Planning and finance

  • Conference advised on the creation of Parks College, covering a number of aspects. 
  • Conference debated and developed a new College Contribution Scheme 7 to run alongside the existing Scheme 6 Trust fund, providing funds for undergraduate access, graduate scholarships and the support of less wealthy colleges and societies.
  • Conference and its Committees considered student number planning, working with the University to review the opportunities for growth and the challenges of this. Colleges refocussed their graduate student number targets to align better with Divisional plans for growth, and took part in the FOCUS project to align graduate admissions procedures and promote efficiencies.
  • Conference considered the implications of the University’s strategic plan and the challenges of delivery, while advocating for a focus on teaching and student support.
  • Conference and its Committees considered the plans of the City and County Councils for sustainable transport and freight.
  • Conference committees considered a review of college fundraising and the Oxford campaign. 
  • Conference discussed the implications of the University’s major finance arrangement for staff and graduate housing. 

Student welfare and support

  • Conference Committees reviewed the Student Wellbeing and Mental Health Strategy and monitored the operation of the Disability Common Framework.
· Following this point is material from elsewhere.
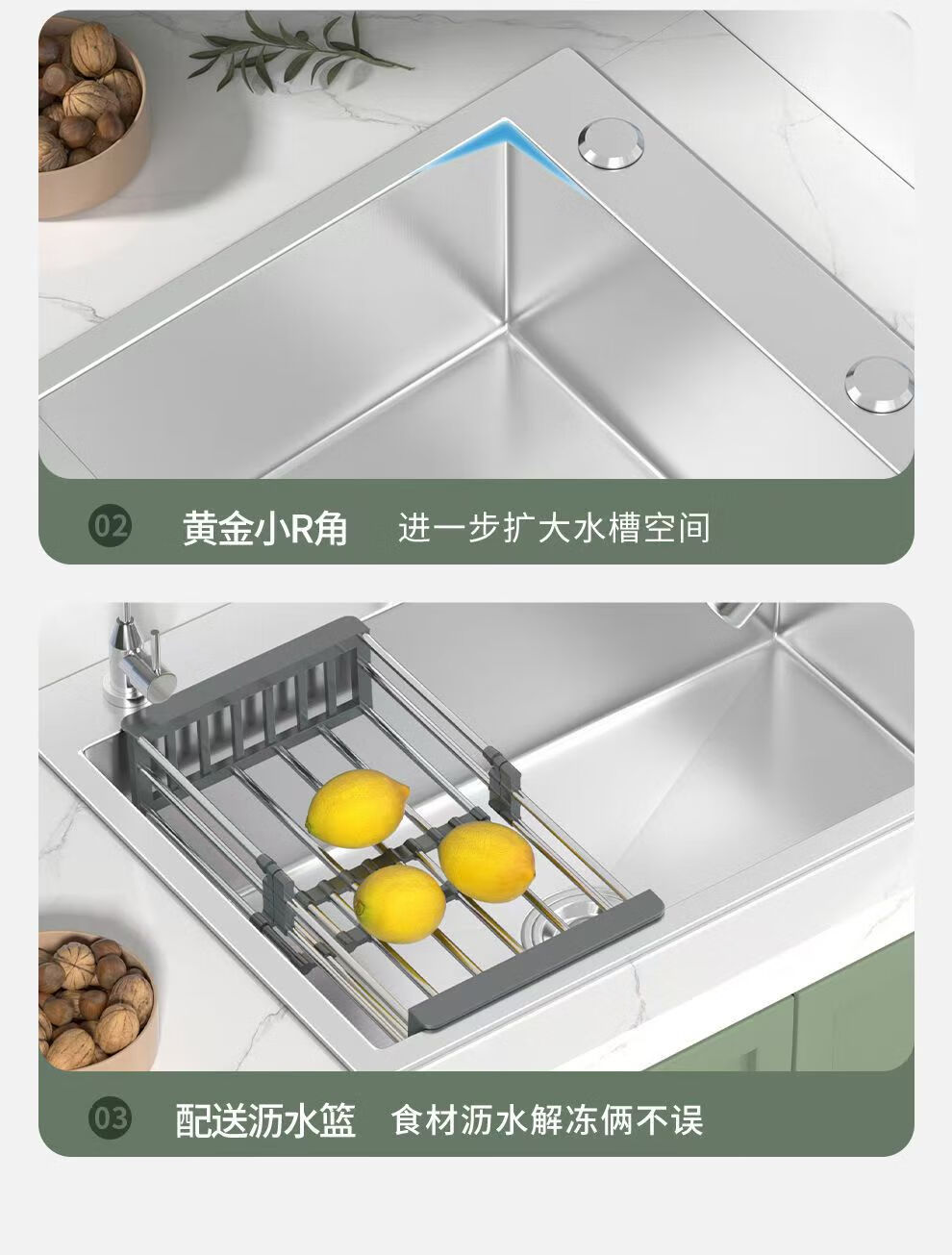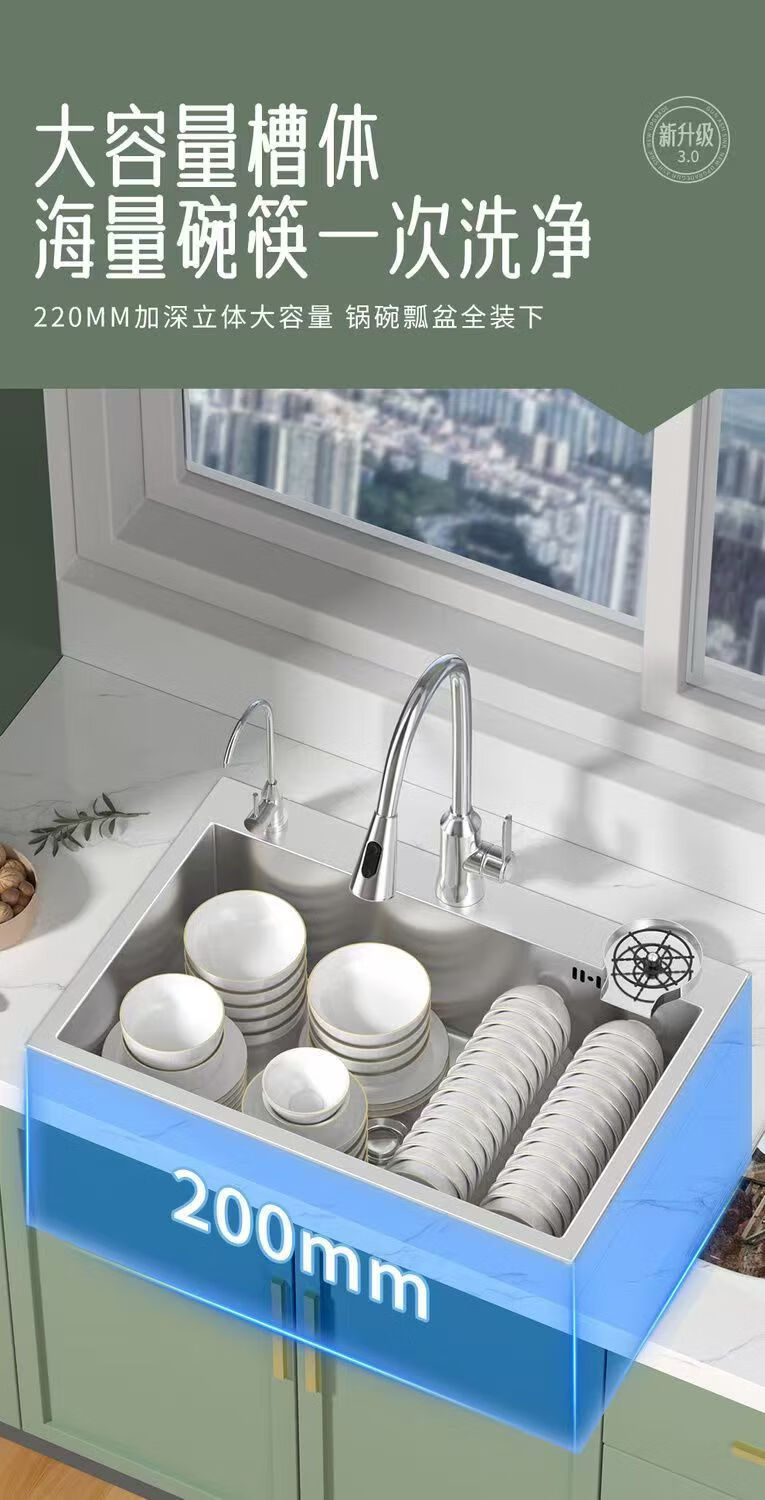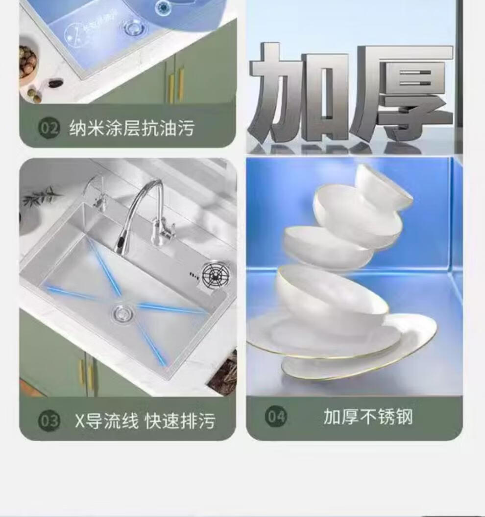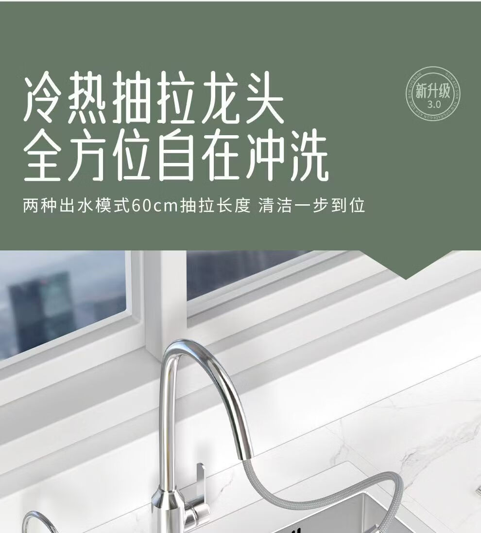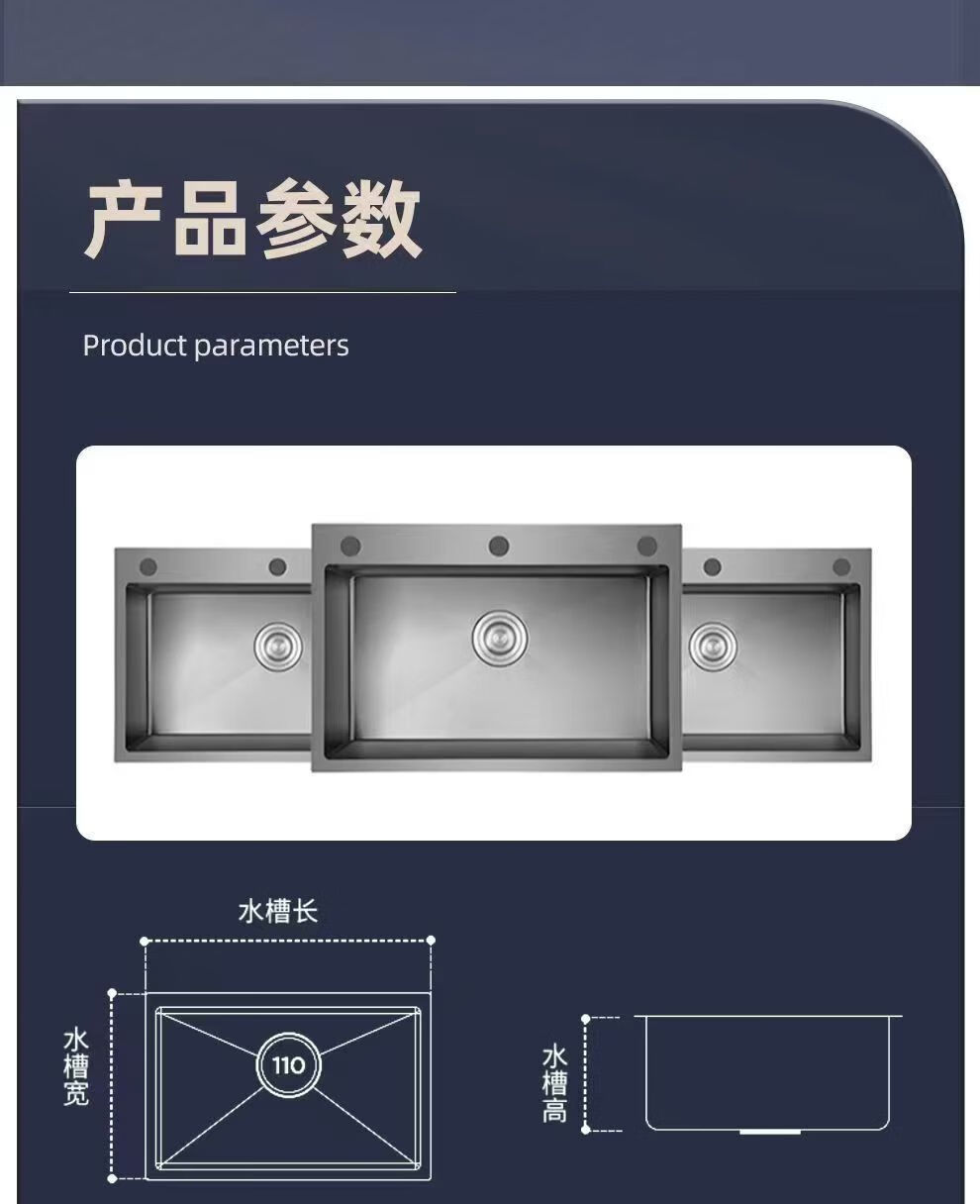OUOETY kitchen sink single-slot thickened stainless steel dishwashing sink hand-drawn vegetable sink German craftsmanship silver thickened 45*40 pull-out faucet package

The Welfare Forum, amongst other topics, discussed promoting resilience.
  • Conference and its committees supported the introduction of the Stand Alone pledge. 
  • The Equality and Diversity Forum held a disability discussion to showcase best practice in support.
  • Conference agreed to support the introduction of a Sexual Violence support centre, jointly funded with the University.
  • Conference considered key issues in the provision of support for graduate students.